Alliances maritimes : un hold-up généralisé ?

Dans un rapport intitulé The Impact of Alliances in Container Shipping, l’ITF (International Transport Forum, OCDE) passe au crible l’impact des alliances maritimes sur l’ensemble des parties prenantes de la chaîne du transport. Une analyse à charge.

Trop puissantes et trop enclines à l’entente illicite, les alliances maritimes? Dans un rapport de 127 pages avec annexes, l’organisation intergouvernementale a réalisé ce que beaucoup attendaient – une étude d’impact – pour confirmer ou infirmer des soupçons quant à la tendance du transport maritime conteneurisé à devenir monopsone. Et à bafouer les règles de la concurrence dans un marché déjà ultra concentré. Les quatre premiers transporteurs (Maersk, MSC, Cosco et CMA CGM) apportent 60 % de la capacité mondiale. Trois alliances (2M, Ocean Alliance, THE Alliance)* exploitent 95 % de la capacité totale des navires et dominent à 80 % les routes maritimes les plus fréquentées.

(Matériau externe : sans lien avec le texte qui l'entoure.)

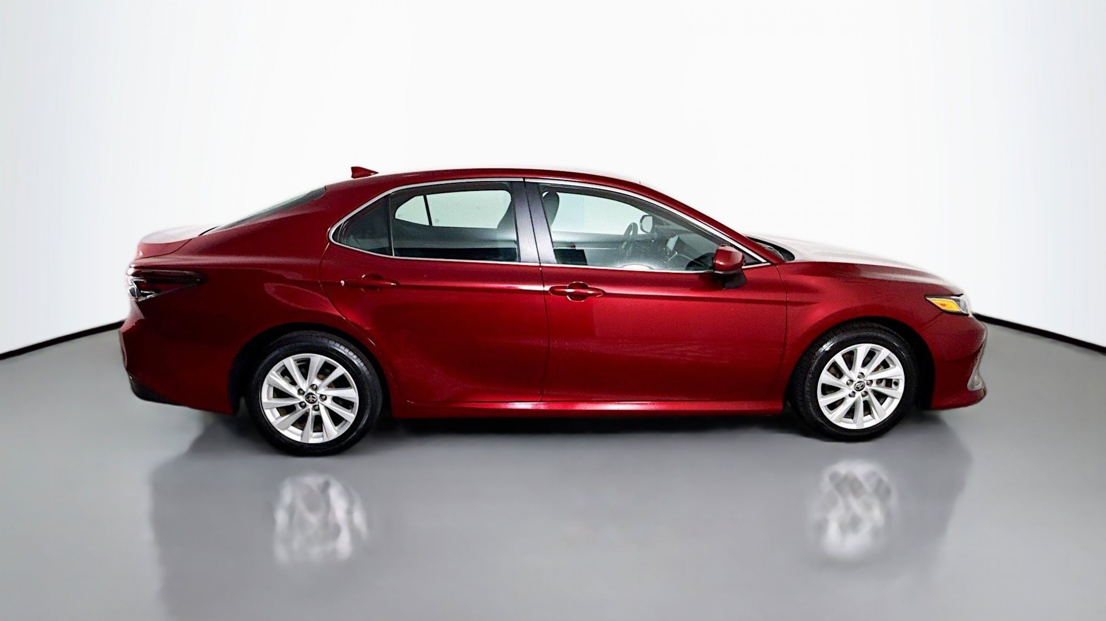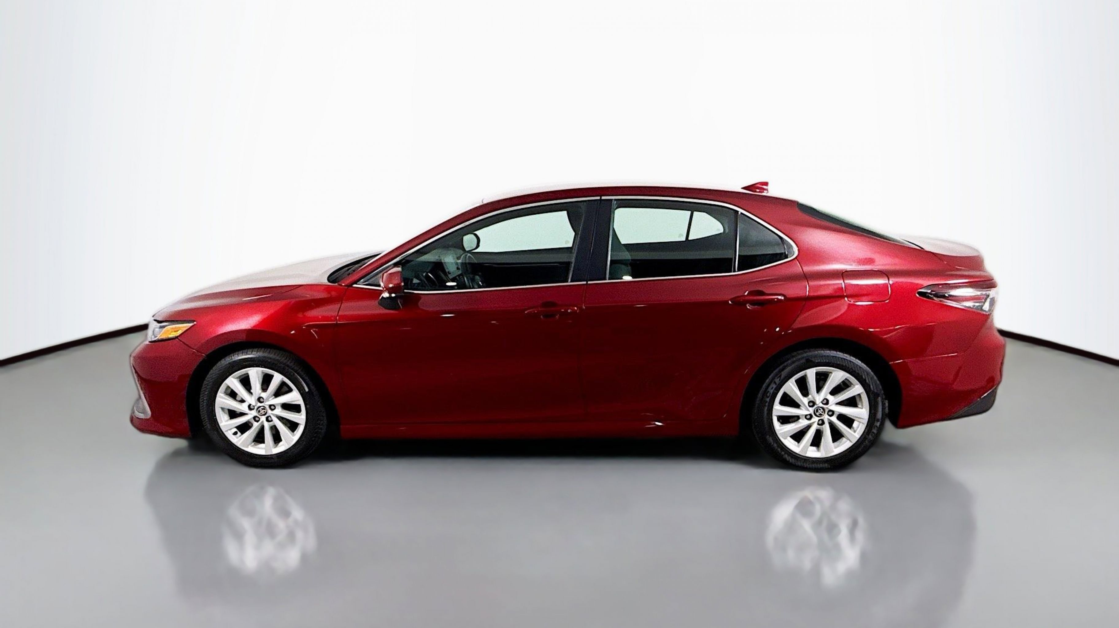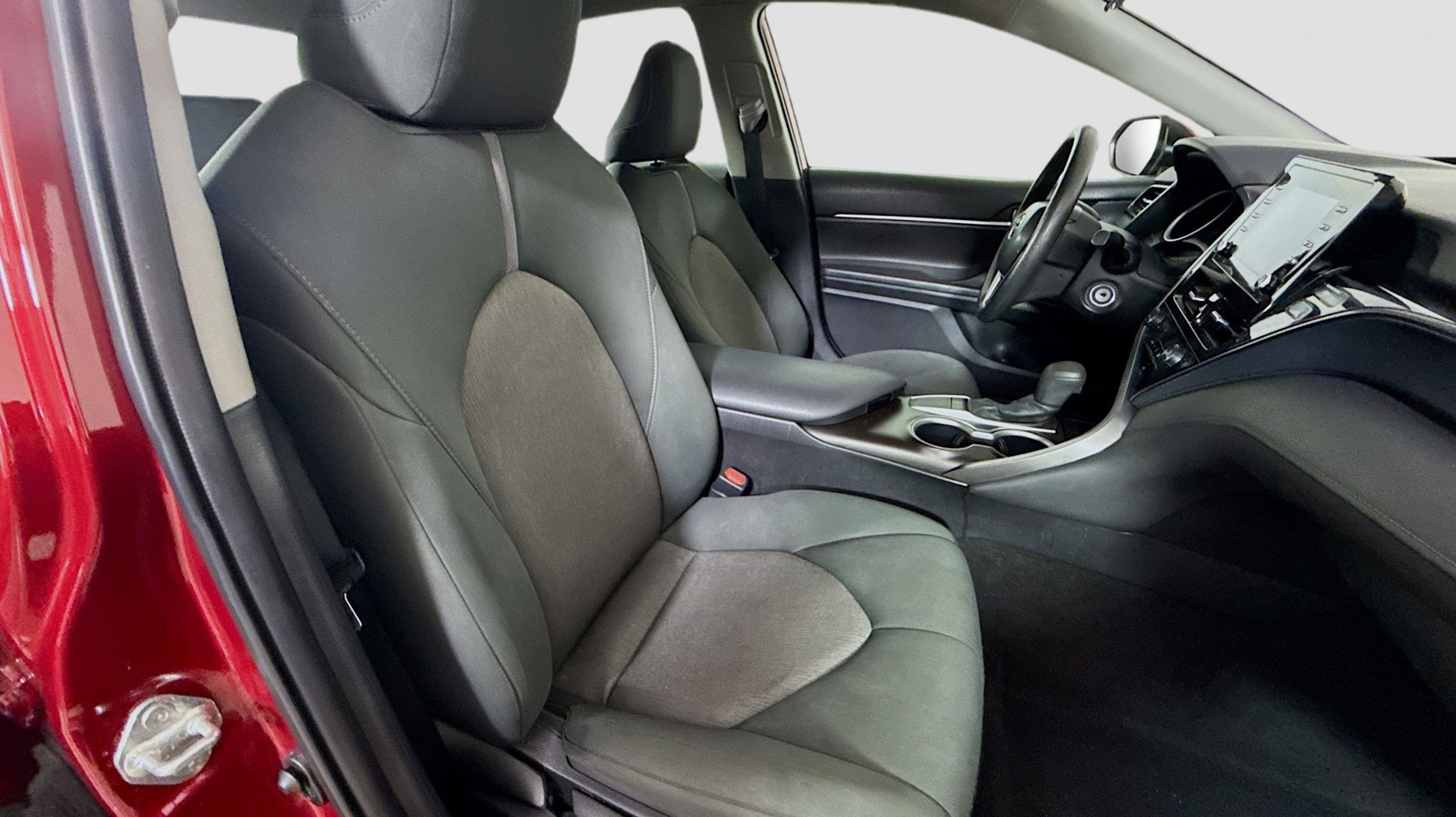 Ruby Flare Pearl 2022 Toyota Camry LE FWD 8-Speed Automatic 2.5L I4 DOHC 16V Black w/Fabric Seat Trim, 4-Wheel Disc Brakes, 6 Speakers, 7.5J x 17 Alloy Wheels, ABS brakes, Air Conditioning, Alloy wheels, AM/FM radio: SiriusXM, Apple CarPlay/Android Auto, Auto High-beam Headlights, Automatic temperature control, Brake assist, Bumpers: body-color, Delay-off headlights, Driver door bin, Driver vanity mirror, Dual front impact airbags, Dual front side impact airbags, Electronic Stability Control, Emergency communication system: Safety Connect with 1-year trial, Exterior Parking Camera Rear, Fabric Seat Trim, Four wheel independent suspension, Front anti-roll bar, Front Bucket Seats, Front Center Armrest, Front dual zone A/C, Front reading lights, Fully automatic headlights, Illuminated entry, Knee airbag, Low tire pressure warning, Occupant sensing airbag, Outside temperature display, Overhead airbag, Overhead console, Panic alarm, Passenger door bin, Passenger vanity mirror, Power door mirrors, Power driver seat, Power steering, Power windows, Radio data system, Radio: AM/FM Audio System, Rear anti-roll bar, Rear seat center armrest, Rear side impact airbag, Rear window defroster, Remote keyless entry, Security system, Speed control, Speed-sensing steering, Split folding rear seat, Steering wheel mounted audio controls, Tachometer, Telescoping steering wheel, Tilt steering wheel, Traction control, Trip computer, Variably intermittent wipers, Black w/Fabric Seat Trim.

L’étude analyse (de façon inédite ?) dans le détail et sur l’ensemble des parties prenantes « l’effet » de ces consortiums, qui ont pris le relais des « conférences maritimes »** déclarées illégales en 2008 par une décision européenne. Une décision par ailleurs souvent tenue responsable de la volatilité des prix du transport. Dès lors, la tentation a pu être forte pour les transporteurs de continuer à s’entendre– discrètement –, sur les conditions de leur offre, ce que Bruxelles condamne chroniquement.
Le champ lexical du rapport emprunte à l’omnipotence. La liste des doléances est longue. Pouvoir de négociation des transporteurs en raison de leur puissance d’achat. Pression sur les prix et les investissements dans les ports. Concurrence destructrice entre les ports et entre les exploitants de terminaux, attisée par l’intégration verticale des transporteurs. Accélération de la consolidation au sein de certains services portuaires (tel le remorquage désormais dominé par quelques acteurs d’influence, comme Kotug Smit et Fairplay). Fragilisation des métiers intermédiaires (transitaires). Érosion de la qualité de service, de la fiabilité des horaires, perturbations dans les chaînes d’approvisionnement...

Régime d’exception

L’ITF publie son rapport alors que la Commission européenne doit se prononcer sur le renouvellement de l’exemption de groupe dont bénéficient les transporteurs maritimes dans le cadre des alliances, mais qui arrive à échéance en avril 2020. Par le règlement 906/2009, les transporteurs sont autorités à offrir des services communs pour autant qu’ils ne dépassent pas une part de marché de 30 %, qui peut cependant l’être sous certaines conditions. Sans surprise, au fait de son étude, l’organisation placée sous l’égide de l’OCDE plaide pour sa suppression. Le World Shipping Council (WSC), qui a soumis ses avis à Bruxelles en juin dernier, s’est prononcé pour sa part en faveur de la prorogation, arguant que, sans ce « cadre juridique simple et flexible », « les coûts de mise en conformité et l’insécurité juridique augmenteront », tout en rappelant que la suppression de ce régime mettrait l’Europe en « désaccord avec d’autres juridictions dans le monde, et désavantagerait les transporteurs concentrés sur le trafic européen ».

« De toute évidence, il y a une grande divergence d’opinion », relève en médiateur l’analyste Drewry, rappelant au passage que, « sans exemption, les accords de consortiums de conteneurs ne deviendraient pas automatiquement illégaux. Cela signifierait seu- lement qu’ils seront examinés au regard des règles générales de concurrence ».
Qui a raison? Que penser? D’une part, les alliances seraient devenues trop importantes et les compagnies membres pourraient tout aussi bien fonctionner indépendamment. D’autre part, le marché est encore fragmenté et aucun transporteur ne pourrait offrir le même niveau de service en agissant seul. D’un côté, les alliances et les accords de partage de navires sont accusés de réduire la concurrence entre transporteurs. De l’autre, sans eux, la consolidation aurait fait plus de victimes et plus rapidement encore. Un juge de paix?